I harness trained my african grey so I could take her outside but she wasn't really very impressed about going out, she prefers the security of inside, and she won't tolerate the harness any more either.

If you really want to be able to take your bird outside, get hold of a good travel cage, but as previously mentioned they can easily get cold or overheat as they are not British animals and are not used to our weather!

I know people keep recommending parrotlets but I will warn you, I had one, he absolutely hated me, and he was so loud we got evicted from our flat lol lovely bird apart from that!

I found my hand reared conures to be very needy, and they weren't happy with just 2 or 3 hours out on a night time, they needed constant attention and at the time we couldn't provide that.

I have never had a caique although I think they look like great little birds, and I have never had a cockatiel either, but again they look lovely and I have heard great things about them!

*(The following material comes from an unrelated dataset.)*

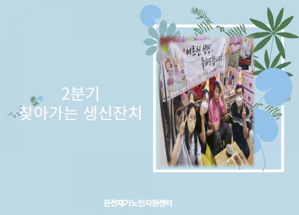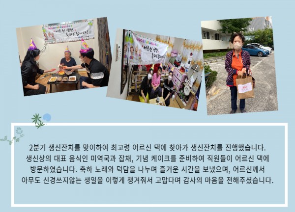 [재가노인지원서비스] 2분기 찾아가는 생신잔치 페이지 정보 작성자 은천노인복지회 작성일22-07-06 13:26 조회18,549회 댓글0건 관련링크 이전글 다음글 목록 답변 본문 2분기 찾아가는 생신잔치 이전글 다음글 목록 답변

Obviously some birds are more expensive than others, have different cage requirements and different diet requirements too. Also they can incur hefty vet bills if/when they get sick so it is a very good idea to insure them.


----------



## Parrot Lady (Jan 17, 2012)

Hi Mooney14,

Firstly, may I congratulate you on trying to find out as much as you can about these beautiful creatures. There is an article written by Liz Wilson on Northern Parrots website 'Is a parrot right for me' its well worth a read and for your parents too. Before I got my parrot I like you did lots of research and read countless books (infact I still do!) and gave a lot of thought as to whether I would be prepared to meet the needs of a parrot for the next 15-20 years (longer for some species), so what I'm trying to say is its not the here and now but also the future as I'm guessing that at some point you will either be going to college/university getting a job etc (all part of growing up unfortunately).Companion parrots require a great deal of time and interaction to keep them happy and healthy. I am not trying to put you off from getting a parrot, as they are truly amazing :flrt:. I have a Maximillian Pionus who is adorable and I wouldnt be without her. Like ZooMan said Caiques are a good choice, and cockatiels (although I personally havent had either, so can only comment on what I have read and from what other people have said that I speak to), and Pionus. Good luck with your research.


----------



## Moony14 (Aug 20, 2011)

Thanks everyone, I am gunna try and find that website you mentioned in a sec. I think we have decided on a green-cheek if we do decide to get a bird. Now another question, I can come home at 1.30-2.15 to have lunch. Would this be a good idea so it wasn't alone throughout the day?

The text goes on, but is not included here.